TAMPA - Everyone calls it a convention hall, but in reality, the Tampa Bay Times Forum is nothing but an oversized TV studio this week.
The site of the Republican National Convention is a gathering point for the delegates and the party faithful, but the bigger audience - by far - is the roughly 40 million people at home expected to tune in Thursday night to hear Mitt Romney accept his party’s 2012 presidential nomination.
Everyone in the building except for him is just part of the backdrop for them.
That is why there has been such angst about carrying on in Florida when, further up the Gulf Coast, Isaac was crashing into New Orleans as a hurricane-force storm.
The sideways rain and 80 miles-per-hour winds were long past Tampa, leaving delegates dry and safe. But the thought of having the networks broadcast a split-screen image of storm clean-up and their political festivities prompted fears that the Republicans would be branded as insensitive.
That concern underscored that conventions are about doing something inside the hall that is well received beyond the arena itself.

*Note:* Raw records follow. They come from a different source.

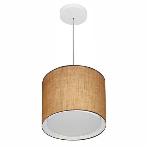 Lustre Pendente Cilíndrico Duplo Md-4284 Cúpula Tecido 30x30cm Palha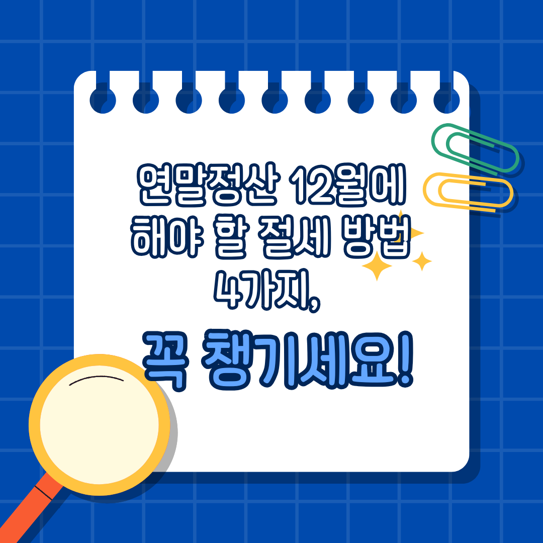 이 네 가지 방법은 쉽고 간단하면서도 큰 절세 효과를 가져올 수 있으니, 연말정산 전 꼭 체크하고 실천해 보세요!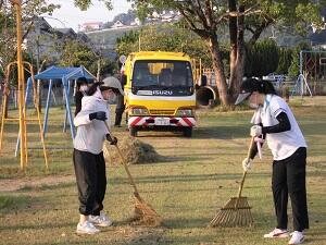 本年度のクリーン作戦は、コロナウイルス感染拡大防止の観点から密になることを避けるため、全体での活動は中止とさせていただきました。ただ、子どもたちが運動会をするのだから規模を縮小した形で協力したいと執行部の方々から申し出があり、22日(土)にゆうゆう会の皆様、23日(日)にPTA執行部とクリーン作戦担当の皆様に御協力いただき、運動場の除草作業を行いました。御協力いただいた皆様、暑い中、本当にありがとうございました。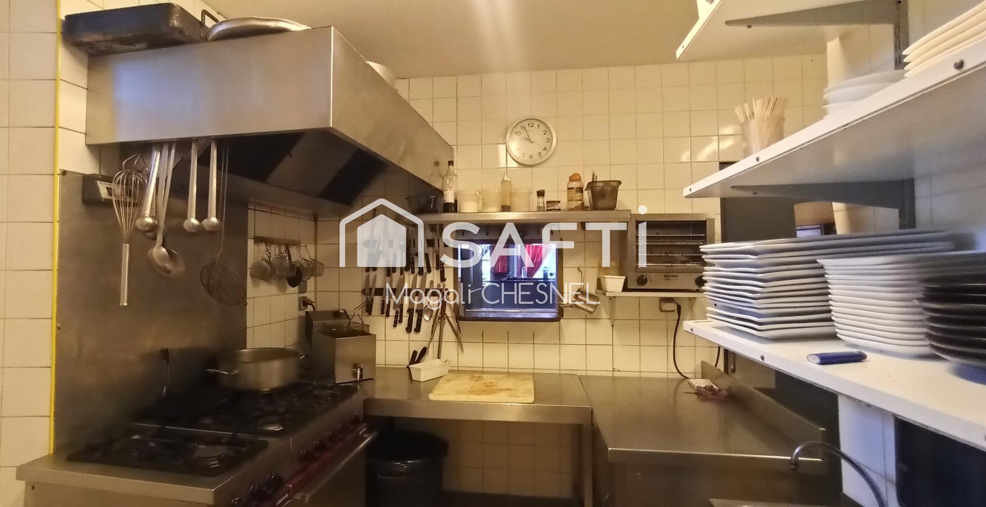 Les murs de la pizzeria/grill/saladerie comprennent une salle de 55 couverts sur deux niveaux, une cuisine aménagée et équipée, deux réserves, un wc, une terrasse de 10 m² et une autre de 30 m² ombragée et au calme.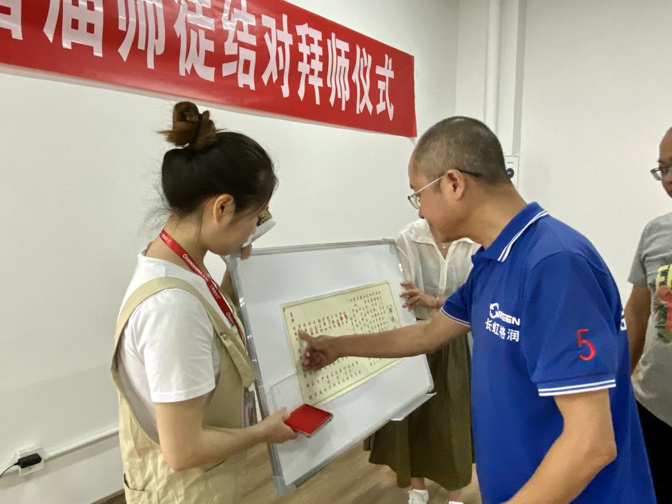師傅與學員們依次按下手印,簽下“拜師貼”,自此,公司首批師徒傳幫帶成功結對、首個訂單培養班正式起航。相信學員們通過公司搭建的平臺、師傅的悉心教誨加上自身的努力拼搏,一定會成為公司未來發展的棟梁之才!

Everything within the building is about the perception beyond it.
Here in Florida, as will surely be the case next week in Charlotte, N.C., scene of the Democratic National Convention, the dominant color scheme is an All-American red, white, and blue.

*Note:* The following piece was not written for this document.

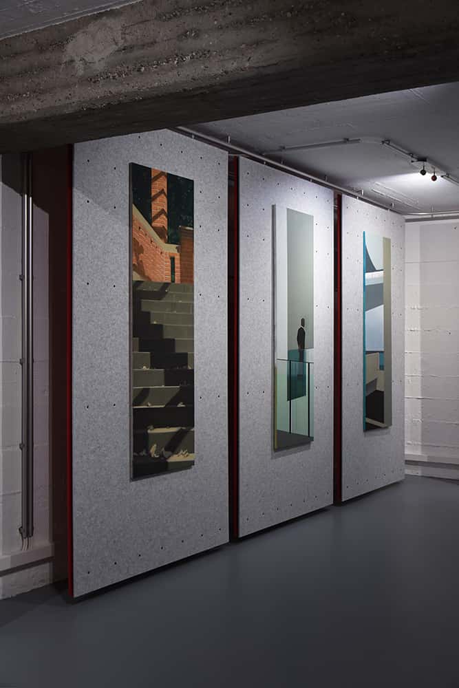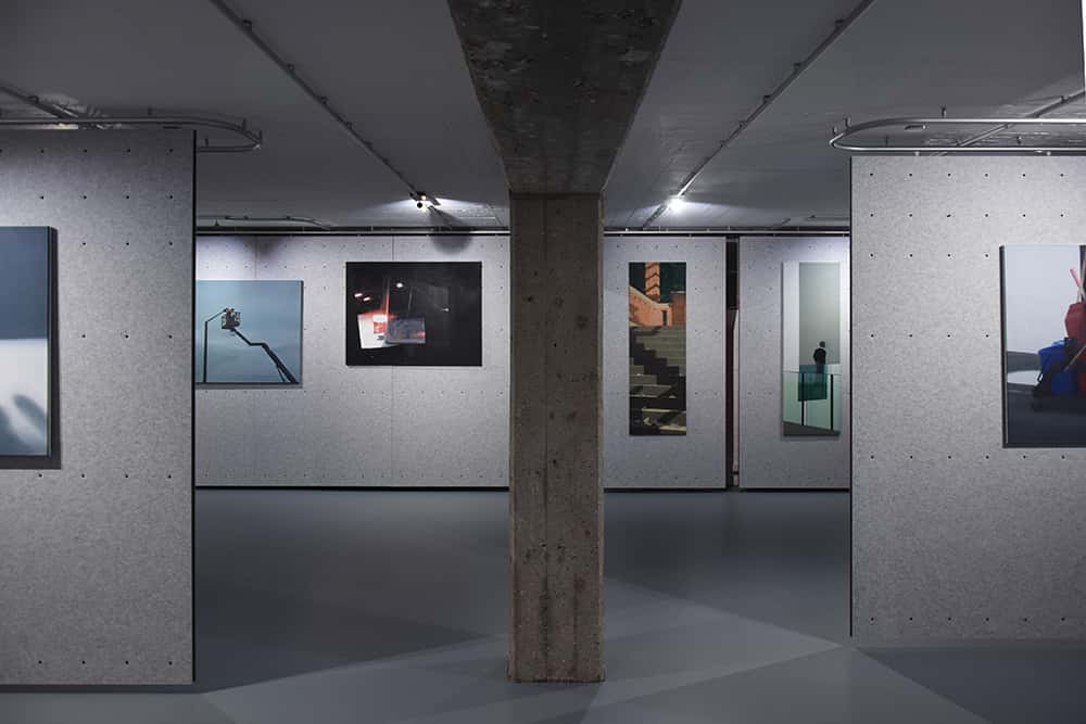 Mal finden wir uns vis-à-vis einer verlassen Tiefgarage, die sich wie dafür geschaffen in die Räume der Galerie Sammlung Amann einfügt, als wäre sie eine Fortsetzung des Raumes. Dann finden wir uns in einem Museum wieder, einer Aufsichtsperson folgend.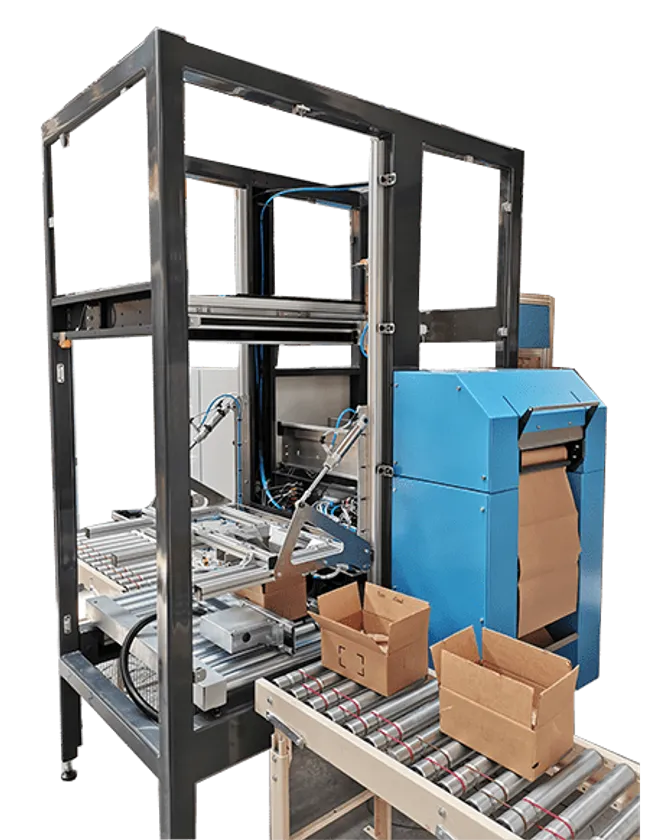 梱包自動化ソリューションの一つである、「Pad’it!」は、梱包ラインの効率を高める、特殊な自動梱包機です。高品質な紙緩衝材を直接箱にセットすることにより、輸送中の壊れやすい製品を保護します。箱の底サイズに合わせ、1時間あたり最大900箱に紙緩衝材を作成し、製品保護を改善し自動化します。消費材、美容・ヘルスケア、事務用品、グラフィックアート、電気/電子機器、工具・機器類など幅広い業界で使用されています。

There is bright red carpeting marking the aisles between the delegate seating on the convention floor.
All the walls inside the arena have been draped in a blue sheen.

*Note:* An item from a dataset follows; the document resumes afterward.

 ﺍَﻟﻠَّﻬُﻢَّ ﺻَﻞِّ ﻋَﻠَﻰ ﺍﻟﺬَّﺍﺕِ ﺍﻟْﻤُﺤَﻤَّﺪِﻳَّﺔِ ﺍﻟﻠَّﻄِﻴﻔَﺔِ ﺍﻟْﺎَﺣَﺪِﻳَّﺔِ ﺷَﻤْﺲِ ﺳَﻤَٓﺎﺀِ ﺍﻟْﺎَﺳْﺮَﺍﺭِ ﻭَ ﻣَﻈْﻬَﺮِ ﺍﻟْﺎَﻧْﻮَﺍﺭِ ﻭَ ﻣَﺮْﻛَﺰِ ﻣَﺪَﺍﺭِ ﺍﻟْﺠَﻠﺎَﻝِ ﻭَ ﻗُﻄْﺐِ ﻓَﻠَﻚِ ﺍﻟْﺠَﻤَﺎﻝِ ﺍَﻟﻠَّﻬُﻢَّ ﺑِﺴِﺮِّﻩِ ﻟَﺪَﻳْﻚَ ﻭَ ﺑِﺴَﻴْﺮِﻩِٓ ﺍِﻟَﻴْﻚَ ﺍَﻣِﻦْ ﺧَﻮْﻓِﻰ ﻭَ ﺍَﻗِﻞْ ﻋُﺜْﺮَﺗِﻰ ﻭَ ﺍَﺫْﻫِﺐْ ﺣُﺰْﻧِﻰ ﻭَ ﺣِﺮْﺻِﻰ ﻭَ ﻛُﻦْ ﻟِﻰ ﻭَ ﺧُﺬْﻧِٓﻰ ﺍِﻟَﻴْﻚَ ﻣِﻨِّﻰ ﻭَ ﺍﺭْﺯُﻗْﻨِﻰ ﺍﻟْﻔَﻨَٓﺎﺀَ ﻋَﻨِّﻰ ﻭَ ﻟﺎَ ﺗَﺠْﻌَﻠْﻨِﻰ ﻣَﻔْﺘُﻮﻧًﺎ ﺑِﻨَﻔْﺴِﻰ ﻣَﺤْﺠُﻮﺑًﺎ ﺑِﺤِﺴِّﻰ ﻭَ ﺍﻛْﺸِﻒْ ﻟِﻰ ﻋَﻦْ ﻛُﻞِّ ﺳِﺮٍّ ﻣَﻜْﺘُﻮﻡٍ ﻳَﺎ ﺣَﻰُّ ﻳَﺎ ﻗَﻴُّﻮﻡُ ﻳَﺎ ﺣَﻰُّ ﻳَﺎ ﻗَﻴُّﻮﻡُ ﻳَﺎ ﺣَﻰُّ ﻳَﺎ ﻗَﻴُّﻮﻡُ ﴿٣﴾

The family/VIP box for the Romneys is distinguished from that blue backdrop by red piping at its top, while signs - such as “Romney-Ryan 2012” or “We Built It” - stand out because of their white lettering.
Meanwhile, the video screens ringing the arena’s two upper decks project red, white, and blue images, most often an American flag. And the balloons hanging in the rafters for Thursday’s finale are - you guessed it - red, white, and blue.
The stage itself has a homey wood veneer and steps descending to the delegate floor, though anyone trying to ascend it at any point is likely to be arrested.
It signals approachability though not accessibility.
The array of video screens behind the podium are placed to project a stream of images to the delegates, but, truly, the only one that matters is the one directly behind the speaker.
On Tuesday night, it often displayed a swirling blue image, causing some to complain that it appeared on television as if the speakers were standing in front of a fish tank.
But that screen is pivotal because it provides a backdrop to the three television cameras that provide a single pool feed from the convention hall out to all the broadcast, cable, and Internet networks beyond its walls.
They are, perhaps, the three most important pieces of equipment of the convention, because through their portal, the country and the world will begin their final formulation of Mitt Romney’s image.
Those electronic eyes will ingest a view of a person set off against a carefully chosen backdrop and illuminated by racks of lights hung from the ceiling.
They will feed that image from the studio that is the Tampa Bay Times Forum to a much bigger audience tuning in - or logging on - to some form of screen elsewhere.